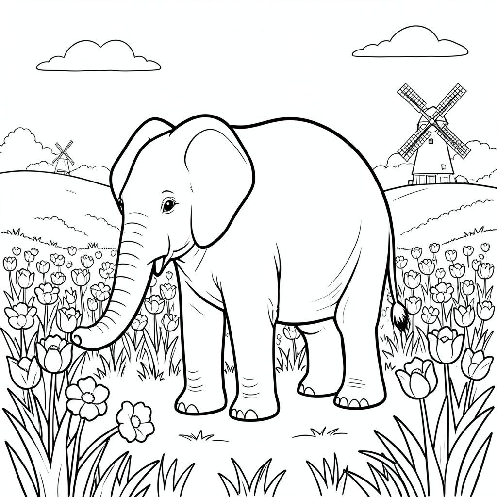 solo, một con voi, một thân cây, bốn chân, hai tai lớn, một đuôi, đúng về mặt giải phẫu, voi, cánh đồng hoa tulip, nở hoa, cỏ, đồi thoai thoải, cối xay gió, xa, mờ mịt, bầu trời quang đãng, ánh sáng mặt trời, ấm áp, trang màu, nghệ thuật đường, nền trắng, solo, chủ đề đơn, đúng về mặt giải phẫu, giải phẫu hoàn hảo
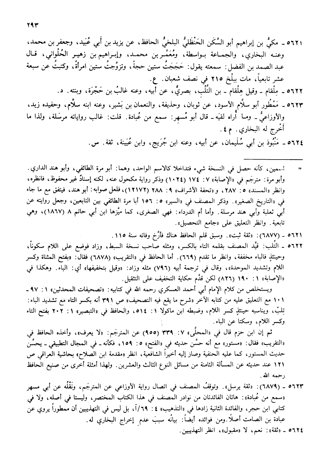 5621- مكي بن إبراهيم أبو السكن الحنظلي البلخي الحافظ عن يزيد بن أبي عبيد وجعفر بن محمد وعنه البخاري والجماعة بواسطة ومعمر بن محمد وإبراهيم بن زهير الحلواني قال عبد الصمد بن الفضل سمعته يقول حججت ستين حجة وتزوجت ستين امرأة وكتبت عن سبعة عشر تابعيا مات ببلخ 215 في نصف شعبان ع
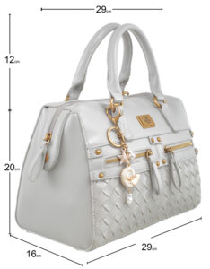 Features: Bowler Bag | Tote Bag | Weave | Charm | Fully Lined Interior | Zip Closure | Front Zip Pockets | Detachable Strap | Double Handles
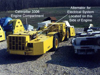 Shown is the location of the alternator, which is the power source for the electrical system installed on the machine.
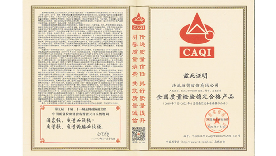 質量是“法派”的生命,法派公司領導始終把質量作為最重要的環節來抓。首先,從全體員工的質量意識教育抓起,實行全員培訓制度。新員工上崗之前,先進行崗前培訓,接受質量教育,強化全員質量意識。同時還加強質檢隊伍的建設,使產品質量得以有效的控制。特別是法派公司成立之初,就積極貫徹ISO9002質量管理體系標準,現已建立了完整的質量管理體系,并于1999年9月通過認證。同時法派還將“致力環保和安全生產”作為兩個重要課題來抓,深入貫徹ISO14001國際環境管理體系和OHSAS18001國際職業健康安全管理體系標準,使產品質量在市場調研、設計開發、技術準備、物資采購、生產制造、檢測試驗、產品銷售、售后服務等各環節得到有效認證和保障。
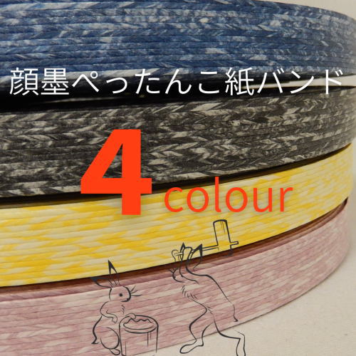 色は「くろ」「あい」「たんぽぽ」「くすみピンク」です。この独特な紙バンドには以下のような特徴があります。
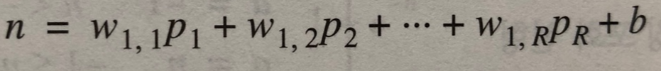 \end{bmatrix}^T $$ 인 경우 네트 입력은 $$ n=Wp+b=\begin{bmatrix}
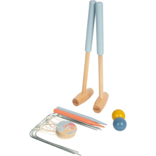 Klasszikus kültéri ügyességi játék bájos állatos kapukkal (sün, mókus, nyuszi, cinege, béka). A masszív fa készlet pályája a korhoz és tudáshoz igazítható, így mindenki sikerélményt kap. A földbe szúrható kapuk függő dekorcímkéi látványosak és jól jelzik a célokat. A két részből csavarható ütők kompakt tárolást tesznek lehetővé, hordtáskával érkezik - parkba, kertbe, strandra egyaránt tökéletes. Mozgás, koncentráció, sok nevetés.
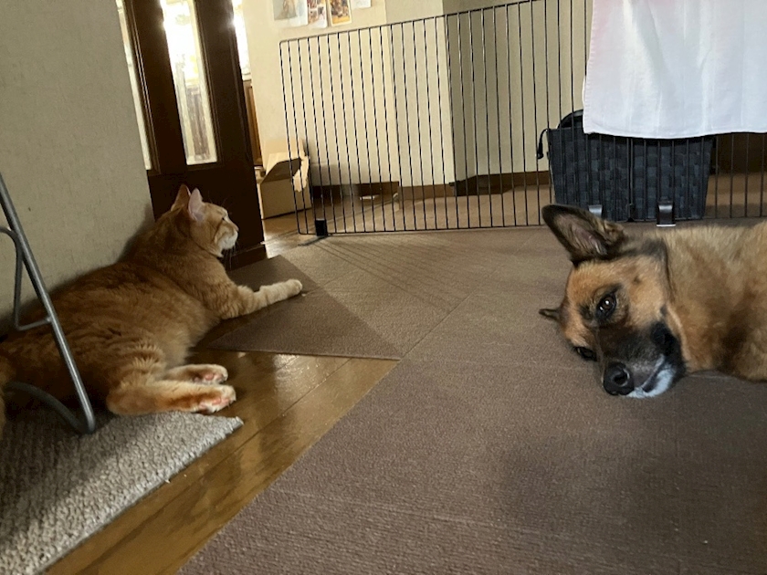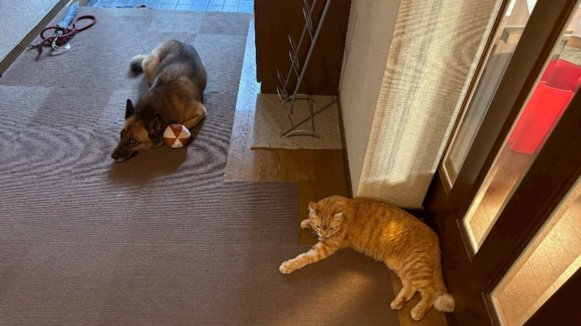 2匹そろって廊下に落ちてる
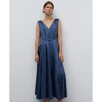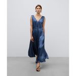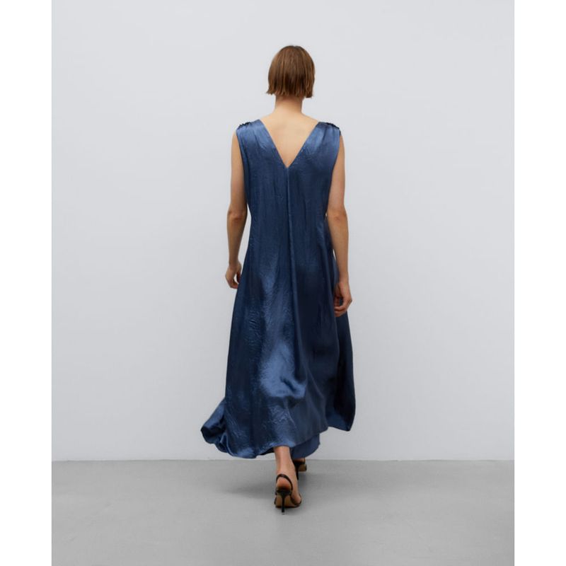 Vestido midi azul mujer. Sin mangas. Escote pico en delantero y espalda. Hombros fruncidos. Cinturón en espalda. Composición:acetato 100%
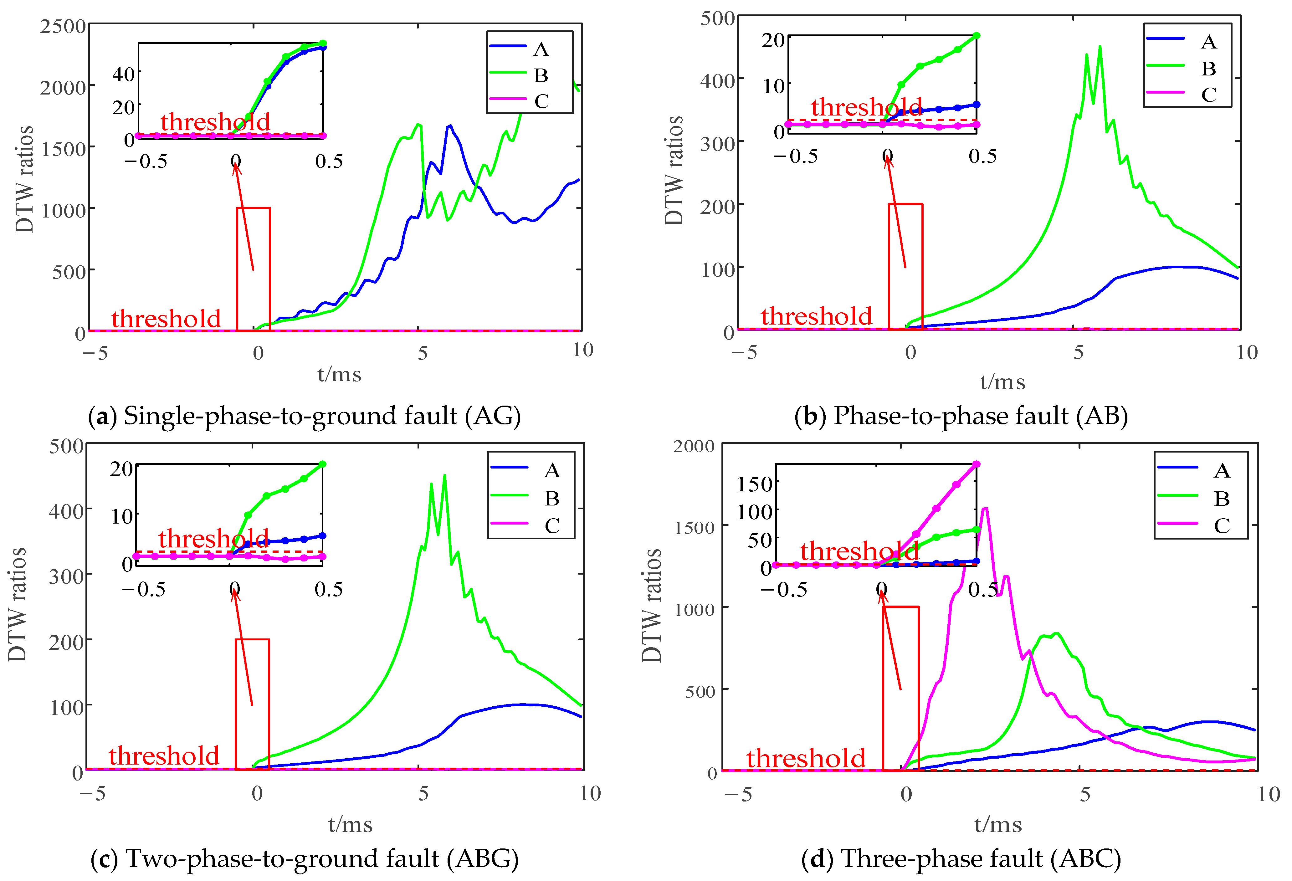 | Fault Type | Phase-A DTW Ratio | Phase-B DTW Ratio | Phase-C DTW Ratio | Protection Action |
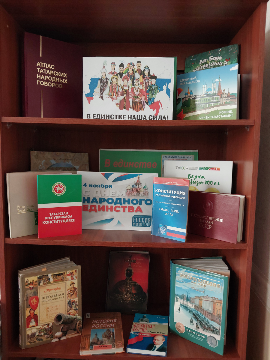 Ежегодно в России отмечается День народного единства — 4 ноября. Этот праздник – дань глубокого уважения к тем знаменательным страницам отечественной истории, когда патриотизм и гражданственность помогли нашему народу объединиться и защитить страну от захватчиков. В школьной библиотеке оформлена тематическа выставка, на которой представлены книги об истории России и русского народа, о героях и событиях смутного времени, прославленных русских полководцах и многом другом. Книги позволят читателям более подробно узнать об этом тяжелом для России времени.
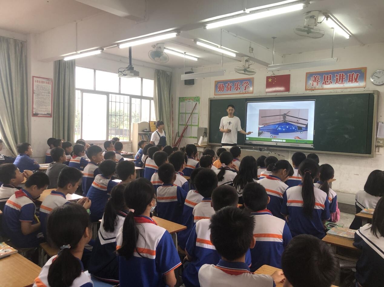 志愿者通过图文并茂的形式向同学们讲解了无人机的基本构造、工作流程和飞行原理等方面的知识。同学们聚精会神聆听、积极参与互动,收获满满。

==============================

*Problem description*:
Take the lines above starting at the one containing "色は「くろ」「あい」「たんぽ" and ending at the one containing "2匹そろって廊下に落ちてる", and print them again exactly, without pictures.

*Written solution*:
 色は「くろ」「あい」「たんぽぽ」「くすみピンク」です。この独特な紙バンドには以下のような特徴があります。
 \end{bmatrix}^T $$ 인 경우 네트 입력은 $$ n=Wp+b=\begin{bmatrix}
 Klasszikus kültéri ügyességi játék bájos állatos kapukkal (sün, mókus, nyuszi, cinege, béka). A masszív fa készlet pályája a korhoz és tudáshoz igazítható, így mindenki sikerélményt kap. A földbe szúrható kapuk függő dekorcímkéi látványosak és jól jelzik a célokat. A két részből csavarható ütők kompakt tárolást tesznek lehetővé, hordtáskával érkezik - parkba, kertbe, strandra egyaránt tökéletes. Mozgás, koncentráció, sok nevetés.
 2匹そろって廊下に落ちてる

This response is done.